Jak dodał magazyny żywności są dobrze zaopatrzone. Zapewnił ponadto, że polskie rolnictwo ma wysoką produktywność. "Jesteśmy krajem nadwyżek, których nie są w stanie sami Polacy zjeść" - zapewnił minister. Podkreślił, że chwilowe niedobory w sklepach niektórych produktów, są naturalną reakcją ludzi, którzy boją się różnych plotek i sugestii, że handel przestanie działać.

"To wszystko w ciągu kilku, kilkunastu dni może być natychmiast nadrabiane, ponieważ firmy przetwórcze produkują tyle, ile sklepy zamawiają. Produkcja jest w toku" - zapewnił. Dodał, że polskie rolnictwo ma ogromne zapasy surowców - zbóż konsumpcyjnych, ziemniaków, warzyw, owoców, masła, różnego rodzaju mięsa czy mleka.

Reklama

"Żywności w Polsce nie zabraknie (...) ta panika jest absolutnie nieuzasadniona" - podkreślił Ardanowski.

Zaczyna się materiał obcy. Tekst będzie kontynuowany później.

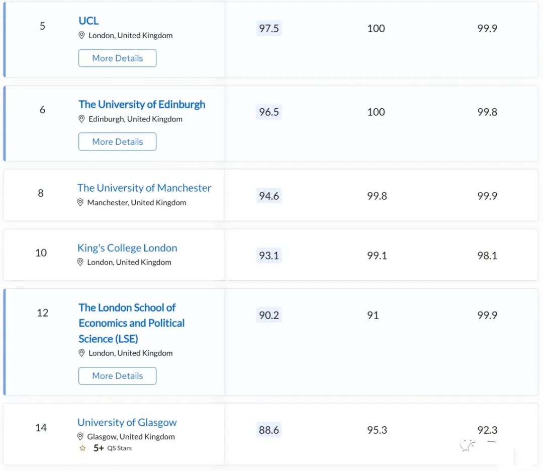 而縱觀2024 QS歐洲大學(xué),英國大學(xué)不僅上榜數(shù)量最多,排名也非常靠前,在歐洲Top10中英國大學(xué)包攬了7席!分別是:牛津,劍橋,帝國理工,UCL,愛丁堡,曼大,倫敦國王學(xué)院。

Minister zaapelował jednocześnie do Polaków o nie marnowanie żywności. "Żebyśmy nie marnowali tej żywności, żebyśmy jej potem nie wyrzucali, bo jest to i nielogiczne, bo marnuje pracę rolników, marnuje zasoby przyrody. Jest również niemoralne, jest grzechem" - zaznaczył Ardanowski.